ALOÍSIO: Houve uma expansão de recursos grande que permite a universidade se planejar melhor, desenvolver atividades, investir em novos prédios, salas de aula, laboratórios e se modernizar. Houve um aumento exponencial de concursos para docentes e dos cursos de pós-graduação com nota máxima na Capes. Na graduação, o número de vagas cresceu cerca de 50% e foram criados 25 cursos novos, além da expansão em Macaé e Xerém. E resolvemos uma espinha atravessada na garganta da universidade que era a posse do terreno do Canecão.
Há projetos para o Canecão?
ALOÍSIO:Temos uma indicação votada pelo Conselho Universitário, no Plano Diretor, de fazer ali um centro de eventos para a cidade e a universidade.

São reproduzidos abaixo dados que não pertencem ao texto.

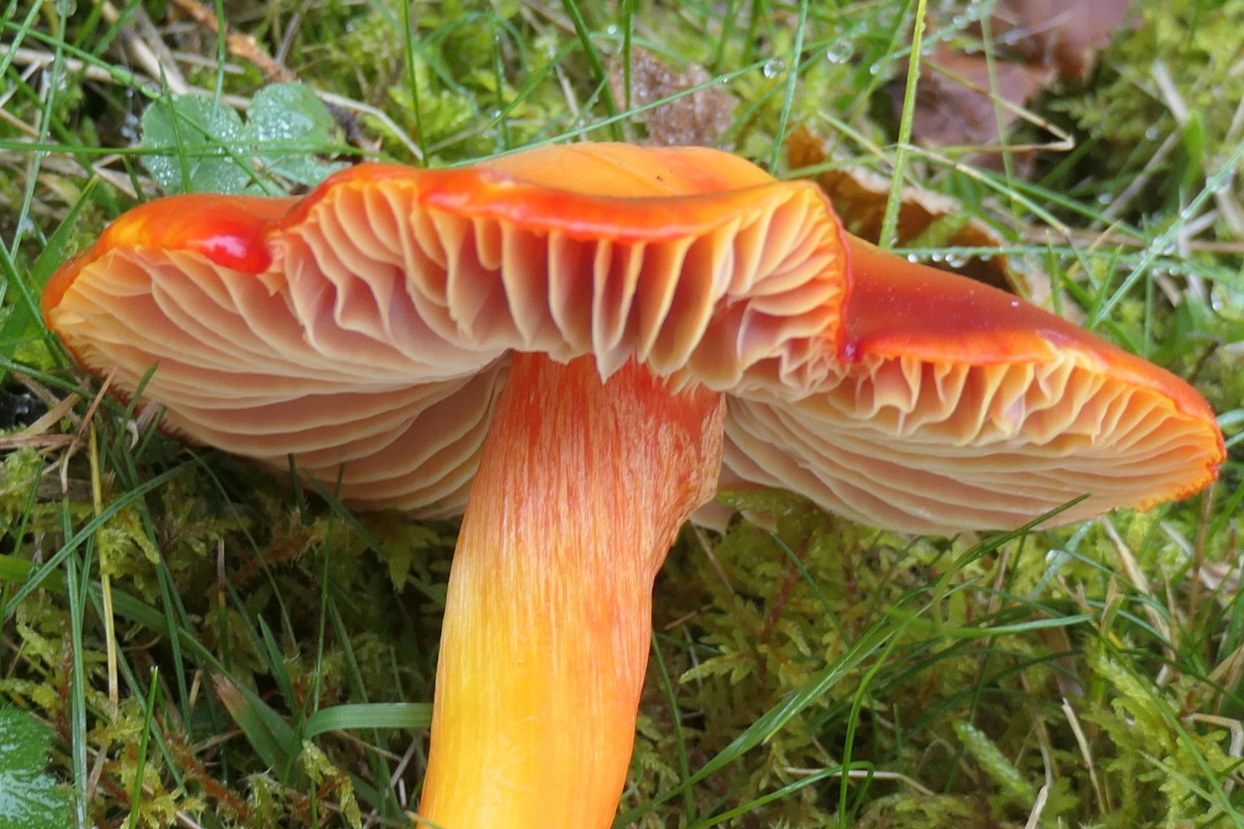 Gestern 01.11. hatten wir das grosse Glück, auf den extensiven Trockenweiden oberhalb CH-Romont BE Jura drei Expl. von diesem imposanten Saftling anzutreffen,

Também há possibilidade de termos uma série de equipamentos de que somos carentes, como um restaurante-escola e um teatro-escola. É preciso também discutir um modelo de gestão. O terceiro problema é como financiar. Não há chance de privatização. É claro que aquilo ali é ouro em pó. Um terreno daquele tamanho na Zona Sul do Rio é alvo de cobiça. Se a universidade rapidamente não definir um projeto, pode perder aquilo ali.
E os entulhos do Hospital Universitário?
ALOÍSIO: Isso era outra espinha na garganta da universidade. Já nos anos 70 foi discutida a demolição de uma parte. A estrutura vinha se deteriorando. Fizemos um diagnóstico com a Coppe dos problemas estruturais, mas não havia jeito, era preciso derrubar. Foi doloroso. Sobre o entulho, abrimos uma licitação para retirada, mas circulou a informação de que poderíamos vendê-lo. Suspendemos a licitação, mas só a Cruz Vermelha se interessou. Estamos negociando para eles levarem e nós não pagarmos nem recebermos.
O que faltou concretizar em oito anos de gestão?
ALOÍSIO: Temos que avançar na expansão de vagas e consolidar formas de acesso à universidade para que sejam menos excludentes e impeditivas. Há uma assimetria na universidade entre as áreas de ciências duras (tecnologia) e as de humanidade e ciências sociais. Estas últimas foram pouco contempladas no passado. A universidade só se integrará de fato e dará um salto de qualidade se as ciências sociais e de humanidade permearem todas as atividades de ensino e pesquisa de extensão.
O projeto não realizado de transferir todos os cursos para o Fundão contribuiria com isso?
ALOÍSIO: O maior problema da UFRJ é a fragmentação. Estar espalhada pela cidade é ruim, mas só juntar não resolve. A UFRJ é um mosaico de microssucessos, como a Coppe e a Faculdade de Medicina. São sucessos individuais, mas quando você junta tudo, não conseguimos nos tornar uma verdadeira universidade. Há conjunto de razões para defender a vinda ao Fundão: ocupamos prédios históricos, e as unidades neles localizadas teriam instalações melhores.
E o que seria feito do campus da Praia Vermelha?
ALOÍSIO:É uma situação mais complexa. Não podemos usar o palácio universitário do jeito atual, pois estamos promovendo a destruição de um patrimônio arquitetônico do Rio. Temos espaço para construir no campus, mas precisamos pensar na integração dos estudantes das diferentes áreas do conhecimento. O ônus do deslocamento entre os campi é do estudante. Ninguém quer vender nem privatizar nada. Queremos usar a Praia Vermelha como espaço público. Vencido esse primeiro momento, o bom senso vai acabar imperando.